A model based system approach to innovative smart intake products: CO2 savings and specific performance

On modern combustion engines, air induction systems are evermore evolving into more complicated elements with an objective to find the best trade-off between fuel consumption, pollutant emissions and engine performance. This pursuit has led to the emergence of the downsized turbocharged engine. For such an engine, it’s necessary to reinforce the low end torque. This is because, at low operating speeds and loads, the lack of enthalpy at the exhaust side causes a poor behavior of the turbocharger which leads to a poor boost pressure and consequently a deficit of engine performance. The proposed idea in this case would be to benefit from an optimized ‘smart’ air intake system to solve this issue while assuring other interesting functions as well. First, cylinder filling can be enhanced by assuring acoustic resonance conditions at the intake.
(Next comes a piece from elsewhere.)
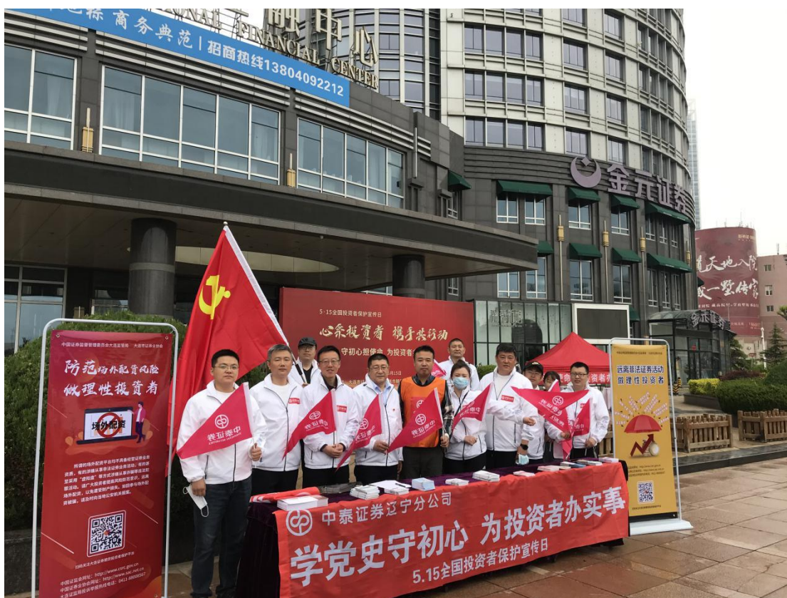
大连辖区组织证券经营机构开展投资者保护宣传活动。

The result is an increase of air flow leading to a better torque response and vehicle responsiveness. Pressure waves induced boosting can also help to reduce the thermal stress on the turbocharger as well as the size of the charge air cooler. Secondly, pressure waves can help to save energy by ‘de-throttling’ at part load operation on an SI engine. This has the effect of reducing the pumping loop and thus enhancing specific fuel consumption. Mechatronic integration into smart systems at the intake is necessary to achieve such goals. The Active Charge Air Duct (ACAD) and the active air intake manifold presented in this paper are innovative plastic products that aim to reduce fuel consumption. This is achieved through geometries with a high flexibility of thermoplastic processes.